From a practical standpoint, the reduction in ID length for popular items brings significant computational and latency gains, directly addressing efficiency bottlenecks for large-scale recommender systems without sacrificing—and, indeed, improving—accuracy on tail items.
On the theoretical side, the use of hyperbolic geometry for adaptive-capacity semantic tokenization sets a precedent for combining geometric prior structure with information-theoretic foundations in representation learning.
Potential future extensions include:
- Multimodal or cross-domain variable-length tokenization, capturing even richer semantic diversity.
- Adaptive allocation strategies informed by domain, category, temporal dynamics, or user group characteristics, not just popularity.

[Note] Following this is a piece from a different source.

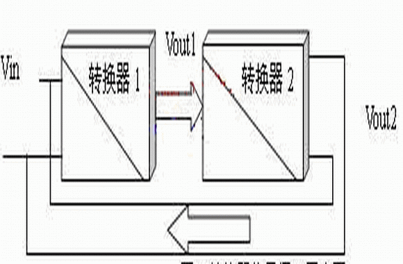 要實(shí)現(xiàn)節(jié)能循環(huán)利用,主要考慮將消耗在電阻負(fù)載上的能量更加合理的利用。如果能將輸出電壓Vout再還原為輸入電壓Vin,則輸出電能轉(zhuǎn)換為輸入的電能,便可以實(shí)現(xiàn)電能的循環(huán)利用,如圖2所示:將原有轉(zhuǎn)換器的電阻負(fù)載R1用等效輸入阻抗的轉(zhuǎn)換器2取代,轉(zhuǎn)換器2的輸出接轉(zhuǎn)換器1的輸入。則與R1等效輸入阻抗的轉(zhuǎn)換器2從轉(zhuǎn)換器1輸出端消耗的能量被轉(zhuǎn)換到轉(zhuǎn)換器1的輸入端,再經(jīng)轉(zhuǎn)換器1又到轉(zhuǎn)換器2的輸入端,實(shí)現(xiàn)了能量的循環(huán)利用。如果在理想情況下,沒有轉(zhuǎn)換損耗,則系統(tǒng)可以自循環(huán)工作。當(dāng)然這是無法實(shí)現(xiàn)的,所以在能量分析時,要引入轉(zhuǎn)換過程的消耗。

- Synergetic integration with foundation models and emerging LLM architectures, where compatibility and compositionality of semantic tokens may bring further performance and generalization gains.
Conclusion
The paper convincingly shows that variable-length semantic tokenization—guided by theoretical information budget allocation and operationalized in hyperbolic space—substantially improves the accuracy, uniqueness, and efficiency of generative recommender systems. The VarLenRec framework systematically addresses the challenges introduced by heterogeneity in item popularity and lays groundwork for future research on adaptive, information-efficient representation learning in large-scale AI systems.